LAST WEEK the Santa Rosa Press Democrat ran a story titled, “Winegrowers facing labor hurdles as harvest season approaches.”

The story began “Grape growers and farmers throughout the state are facing a range of challenges finding and holding on to laborers as they head into harvest.”

That was followed by this claim: “State enforcement agencies are cracking down on wage and labor violations, labor groups and activists are targeting farm companies with negative campaigns, and fewer workers are crossing the border from Mexico, grape growers were told Friday at the annual trade show held by Sonoma County Winegrowers.”

And: “Unions have been emboldened by recent changes to the California Agricultural Labor Relations Act…”

Trouble is, there’s no evidence that any of that is true.

“Unions”?

There’s only one “union” in California that might be “emboldened” by recent changes to the CALRA. That would be the United Farm Workers. A quick look at their webpage called “key campaigns” deals with immigration, heat-related injuries, a not-yet-passed bill to make it a bit easier for workers to join unions, the harm caused by methyl bromide and methyl iodide, etc. There’s nothing about “negative campaigns” against growers, nor does the UFW even have a facebook page.

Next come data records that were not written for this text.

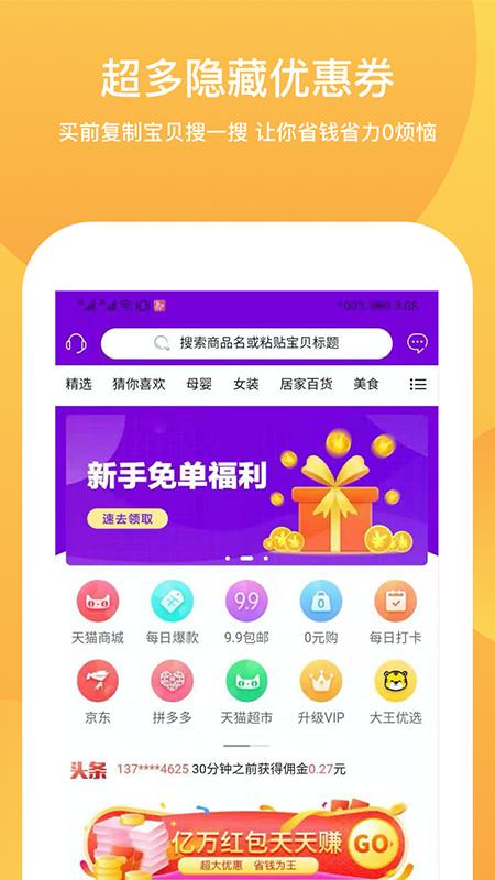大王券app是一个智能的导购平台,app目前与许多热门的电商平台进行合作,例如:天猫、淘宝、京东、拼多多等,让用户可以在这里轻松的找到各个购物平台的优惠券,每天登录app就可以领取优惠券购物了,让您的购物可以变得更轻松、更省钱;在平台内可以直接进行跨平台购物,让您可以更快速的使用自己领取的优惠券,这样就可以满足许多用户在线购物的需求。
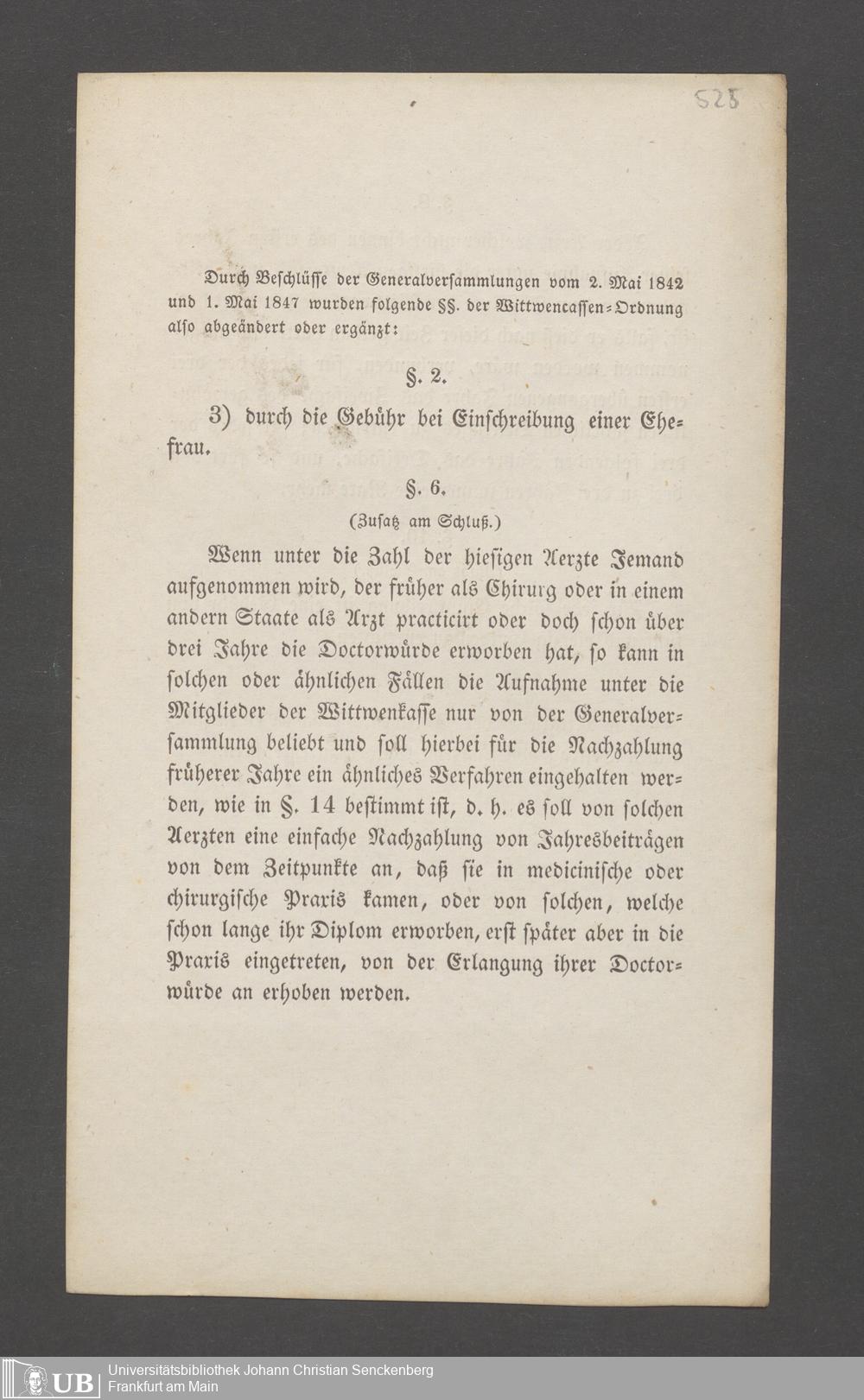 B 5 Dr. Senckenbergische Stiftung, 145 - Witwenkasse VII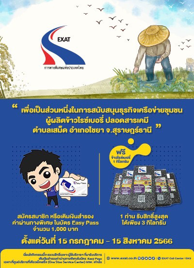 การทางพิเศษแห่งประเทศไทย ร่วมเป็นส่วนหนึ่งในการสนับสนุนธุรกิจเครือข่ายชุมชน จัดกิจกรรมสร้างสรรค์ เพียงสมัครสมาชิกหรือเติมเงินสำรองค่าผ่านทางในบัตร Easy Pass จำนวน 1,000 บาท  รับทันที ข้าวไรซ์เบอร์รี่ ตั้งแต่วันนี้ จนถึง 15 ส.ค. 66, วันที่ 16 ส.ค. – 15 ก.ย 66 รับกระเป๋าผ้ามัดย้อม และ วันที่ 16 ก.ย. – 15 ต.ค. 66 รับกระเป๋ากระจูด ที่จุดบริการที่เดียวเบ็ดเสร็จ (One Stop Service Center) ณ การทางพิเศษแห่งประเทศไทย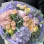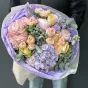 Гортензія символізує щирість і вдячність, півонії додають нотки романтики, а брунія підкреслює сучасний стиль букета. Завдяки делікатним пастельним відтінкам у поєднанні з яскравими акцентами, букет виглядає свіжо та неповторно.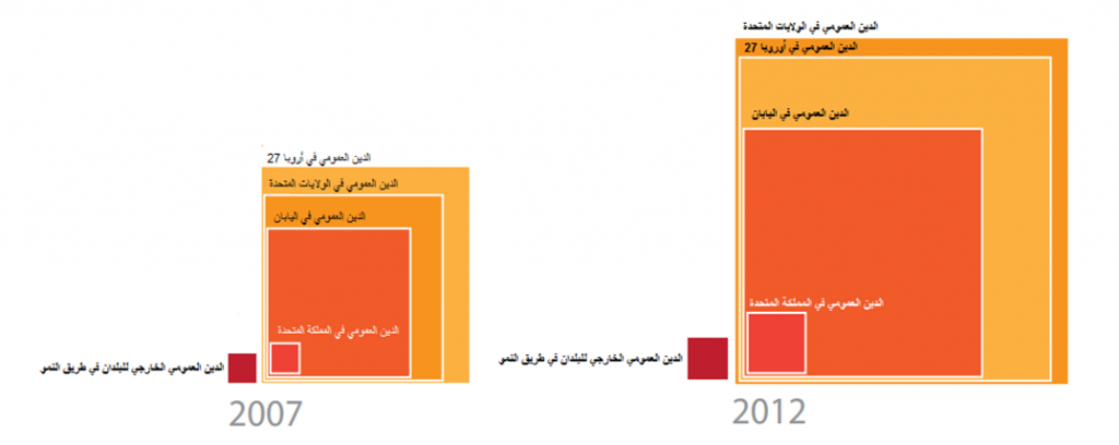ارتفعت مديونية البلدان التي تمت دراستها بين سنتي 2007 و2012 ب 67℅، والدول المتقدمة هي التي عرفت الارتفاعات الأساسية، وكما رأينا ، فقد ترافقت هذه الارتفاعات الفجائية مع الركود الاقتصادي وتكاليف إنقاذ البنوك.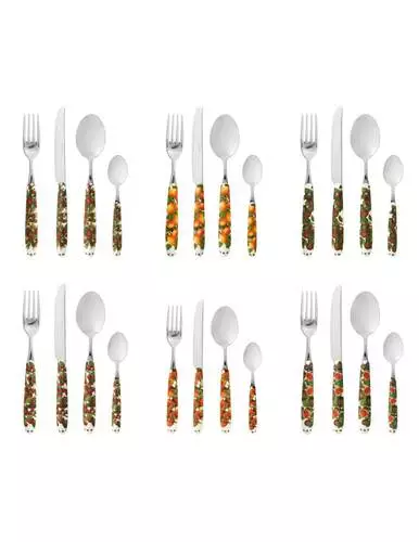 La natura rigogliosa pronta in tavola, con la collezione Le Primizie firmata Brandani: un trionfo di caldi colori e luminosi decori che abbraccia ogni accessorio della tua casa. Festeggia con noi la bella stagione: il set di posate Le Primizie, composto da 24 pezzi in acciaio inox, esalterà ogni contesto grazie ai suoi manici finemente adornati con decori di frutta. Eleganza, freschezza e radiosità accompagneranno ogni momento della giornata, dalla colazione al pranzo fino alla cena! Per momenti spensierati da trascorrere con i propri cari, una tavola raffinata trionfo di particolarità e buongusto.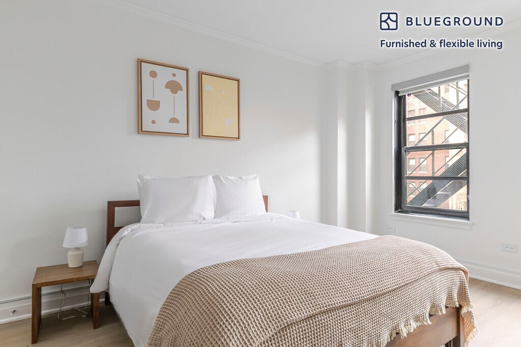 Show up and start living from day one in Chicago with this charming one bedroom Blueground apartment. You’ll love coming home to this thoughtfully furnished, beautifully designed, and fully equipped Streeterville home. (ID #CHI1390) The advertised rate of $2,510/month is the lowest available price, based on a 12 month(s) stay with a move-in date of March 27, 2026. Rates vary depending on the duration of stay, season, and other parameters. For exact pricing and additional pricing components, please visit our website and enter your desired move-in and move-out dates. The rate is applicable when billed upfront; it can be higher if billed in multiple payments. Brokers are welcome to reach out. Were you looking for an unfurnished lease? Try Blueground instead and upgrade from unfurnished to furnished living: - Furnished at rates comparable to unfurnished - No setup or furniture costs - save thousands - Move-in ready - save time, just bring your suitcase Designed with you in mind As with any Blueground apartment, you’ll find a thoughtfully designed space complete with beautiful furniture and a fully equipped kitchen in this one bedroom property. And, thanks to our superior quality mattresses, fully stocked linens, and towels, you can relax knowing you’ll always feel comfortably at home. When you’re ready for some fun, you can take in the Chicago vibes or bring the entertainment to you with the premium wireless speaker or smart TV. Sleeping arrangements Queen Bed, 63in/160cm Amenities Building amenities unique to this one bedroom apartment include an on-site: - Doorman - Elevator - Lounge - Pets allowed Arrival and ongoing support The entire apartment is yours to enjoy! Throughout your stay, you’ll have access to our Client Experience team through the Blueground App. You can schedule additional cleanings, submit maintenance requests, and view our neighborhood recommendations with just a few taps. We’ll share all details upon confirmation of your stay. Ideally Located This furnished rental is located in Streeterville, only a 5 minute walk from The Loop. One of the fastest-developing neighborhoods in Chicago, Streeterville extends out into Lake Michigan and attracts a blend of young professionals, students, and tourists. A plethora of amenities and activities exist for every lifestyle. From Navy Pier activities to luxury shopping on Michigan Avenue, it is a walkable community with easy access to entertainment. Other things to note Building amenities may have an extra cost. This Blueground apartment has flexible lease options, allowing you to book it for one month, a year, or more. Pets are welcome, though weight limits and breed restrictions apply and may incur fees. We take great pride in ensuring every photo displayed is shot in our own units with our actual furnishings. That said, we regularly refresh our decor and furniture arrangement, which may differ from what’s pictured. [SI]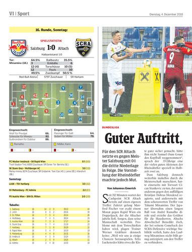 Für den SCR Altach setzte es gegen Meister Salzburg mit 0:1 die dritte Niederlage in Folge. Die Vorstellung der Rheindörfler machte jedoch Mut.
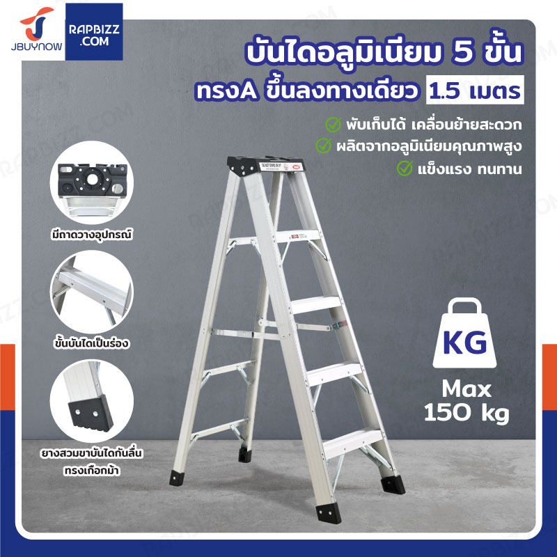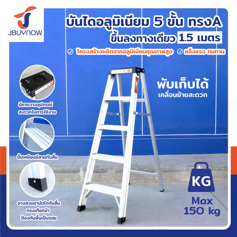 บันได อลูมิเนียม 5 ขั้น 1.5 เมตร ทรงAขึ้นลงทางเดียวมีที่วางอุปกรณ์ JBUYNOW ARD-15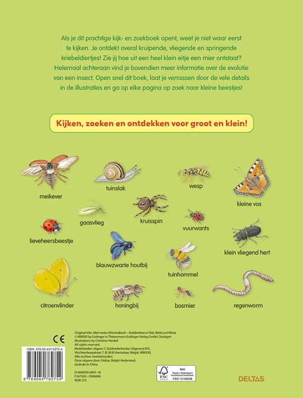 Kijken, zoeken en ontdekken voor groot en klein! Als je dit prachtige kijk- en zoekboek opent, weet je niet waar eerst te kijken. Je ontdekt overal kruipende, vliegende en springende kriebeldiertjes! Helemaal achteraan vind je bovendien meer informatie over de evolutie van een insect. Open snel dit boek, laat je verrassen door de vele details in de illustraties en ga op elke pagina op zoek naar kleine beestjes! Een stevig kartonboek op groot formaat met kleurrijke illustraties.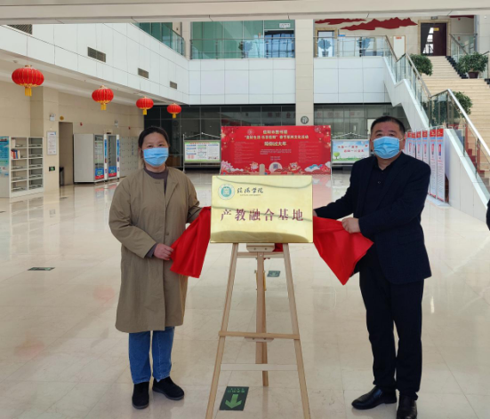 在热烈的掌声中,胡宝强与张瑞瑞为“产教融合基地”揭牌。朱进与张瑞瑞签订产教融合合作协议。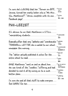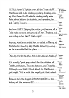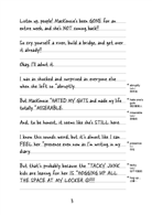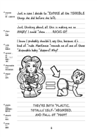 日記一開始,妮琪就「醜化」了學校前風雲人物──做作又自以為是的麥肯絲:I am so sick of everyone talking about Mackenzie.。即使麥肯絲已經轉學了,仍然陰魂不散,占據女主角的一切想法。有趣的開場與情緒性的語言,對足了讀者胃口,不得不一頁一頁翻下去。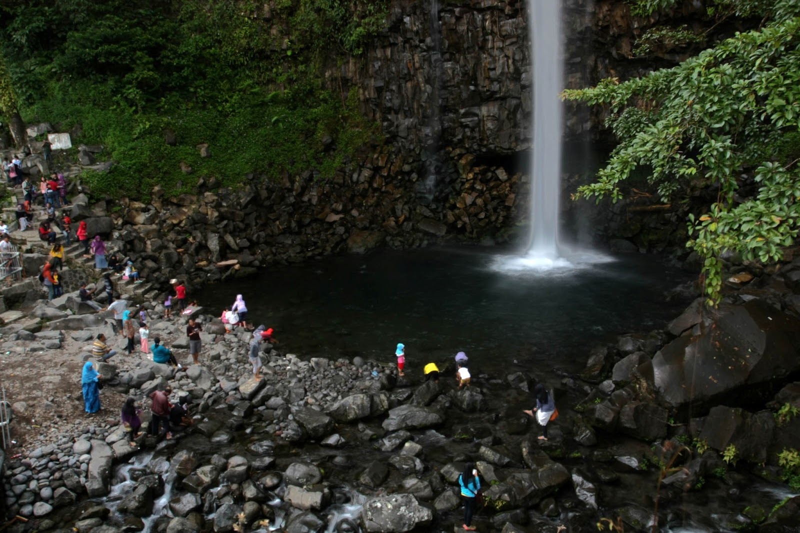 Di sebelah kanan dan kiri jalan kita dapat menyaksikan lembah dan bukit yang menghijau ditumbuhi aneka pohon. Di bawah air terjun terdapat kolam yang cukup luas. Airnya jernih dan tampak menghijau ketika terkena sinar matahari. Jika dilihat secara kasatmata, tampaknya kolam cukup dalam.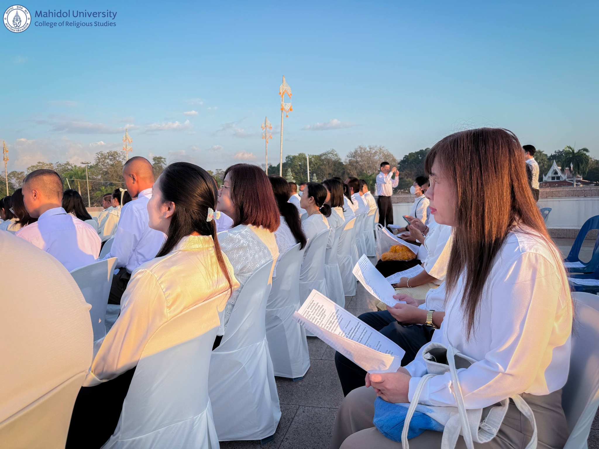 Organized by the National Office of Buddhism, the event aimed to promote Phutthamonthon as a central hub for Buddhist activities. The ceremony commenced at 07:00 hrs. with a worship ceremony paying homage to Phra Sri Sakkaya Thotsaphonlayan at the Presiding Buddha Plaza. This was followed by a Buddhist Mantra Chanting ceremony at the Merit-Making Pavilion (Sala Bamphen Kusol) at 08:30 hrs., during which the Dean also participated in the offering of Thai Dhamma offerings (Sanghathana).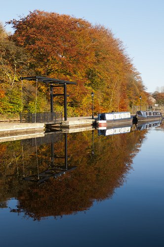 Autumn colours at Frenches Wharf Marina, on the Huddersfield Canal at Greenfield.
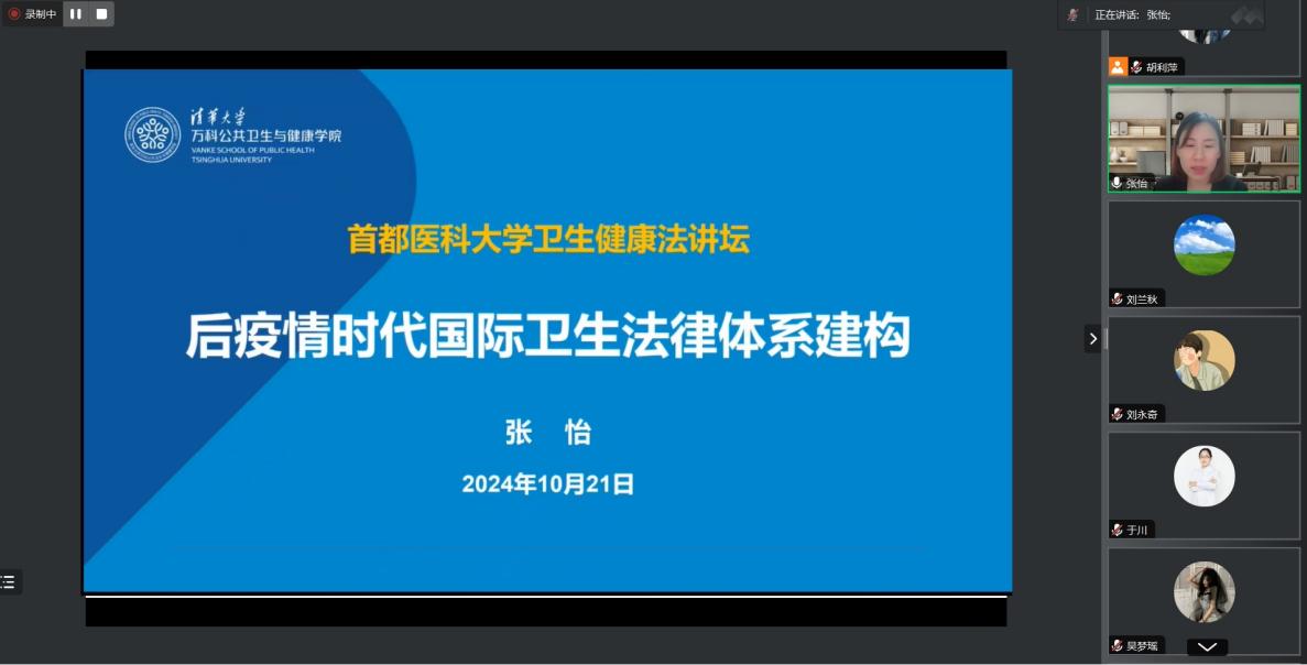 2024年10月21日晚,久久小说 卫生法学研究中心主办的2024年度“卫生健康法讲坛”第二期讲座如期进行。清华大学万科公共卫生与健康学院特别研究员、博士生导师张怡助理教授受邀作了“后疫情时代国际卫生法律体系建构”的讲座。此次讲座由久久小说 卫生法学研究中心主任刘兰秋教授主持。久久小说 卫生法学系的老师、研究生和本科生们参加了讲座。考虑到正在临床学习的同学,讲座仍以腾讯会议的方式在线举办。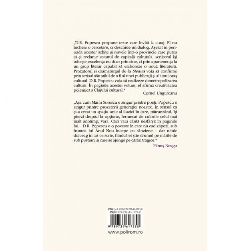 „D.R. Popescu propune texte care invita la curaj. El nu incheie o cercetare, ci deschide un dialog. Asezat in perioada acestor schite si nuvele intr-o provincie care putea sa-si reclame statutul de capitala culturala, scriitorul isi traieste excelenta nu doar prin sine, ci prin apartenenta la un grup literar capabil sa elaboreze o noua literatura. Prozatorul si dramaturgul de la Steaua voia sa confirme prin scrisul sau stilul de a fi al unei publicatii si al unui oras cultural. D.R. Popescu voia sa realizeze demetropolizarea culturii. In paginile acestui volum, el afirma creativitatea polemica a Clujului cultural.” (Cornel Ungureanu)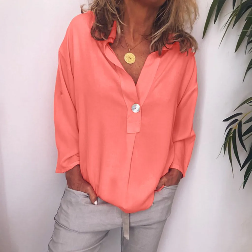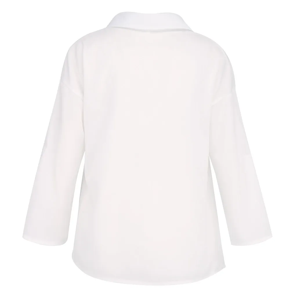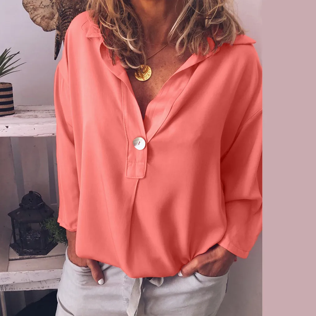 Женская модная Свободная Повседневная Блузка с отложным воротником и v-образным вырезом на пуговицах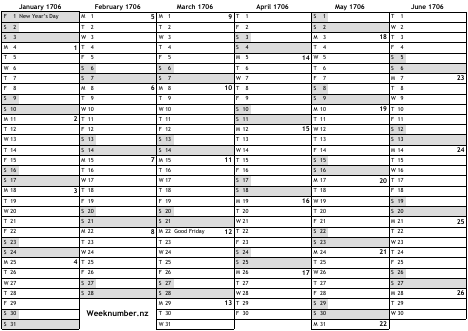 1706 calendar
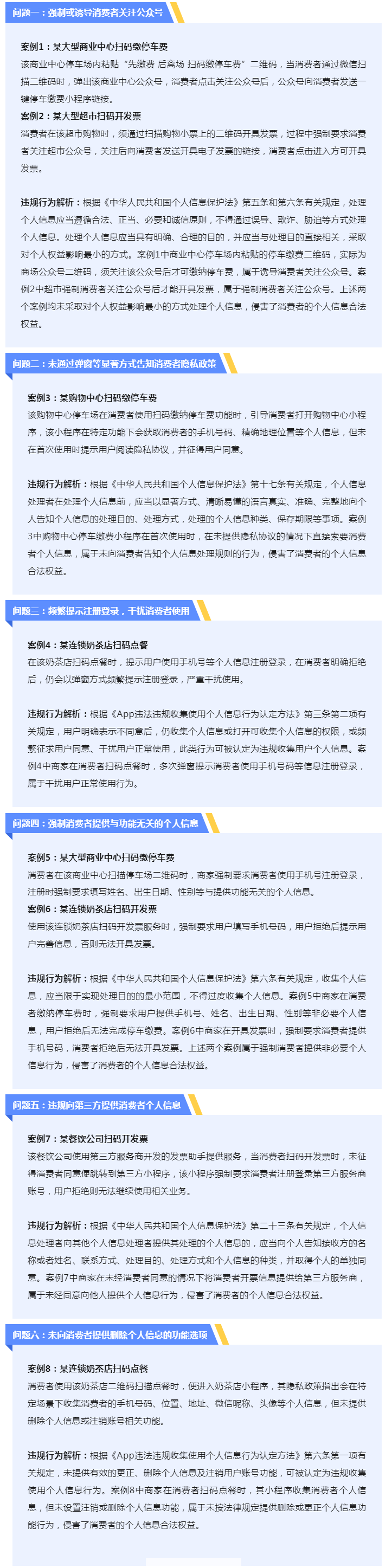 為進一步規范我市掃碼消費服務經營行為,切實保護消費者個人信息合法權益,綜合對我市提供掃碼消費服務二維碼抽樣測試情況,對六類常見易發違規問題進行案例解析,根據《中華人民共和國個人信息保護法》《App違法違規收集使用個人信息行為認定方法》等法律法規,提出六條合規指引,供全市提供掃碼消費服務的經營者遵照執行。

There are no news stories, no press releases, no new government programs…

Nor could we find any evidence of “recent changes to the California Agricultural Labor Relations Act.” (There are some bills pending, but they’re far from enactment.)

The California Farm Bureau issued a report earlier this month called “On-farm labor: As harvest pace builds, farmers report shortages.”

What does the very conservative Farm Bureau think the reasons for labor shortages are?

“California Farm Bureau Federation Director of Labor Affairs Bryan Little, who also serves as chief operating officer for the Farm Employers Labor Service, said he believes the reasons for the shortages are similar to those reported last year, including an aging workforce, people not coming to California to work, and an improved Mexican economy. Plus, Little said, people in Mexico talk to their relatives here and learn that the US economy remains sluggish. ‘Everyone that I've talked to seems to be having trouble finding people,’ Little said. ‘The side-effect of short labor is that workers have a lot more leverage, so they can be pickier about what work they'll accept. I think growers are already adjusting to that by paying higher wages’.”

There’s nothing in that lengthy Farm Bureau report about agency crackdowns, negative campaigns, or any targeting of farm companies for anything.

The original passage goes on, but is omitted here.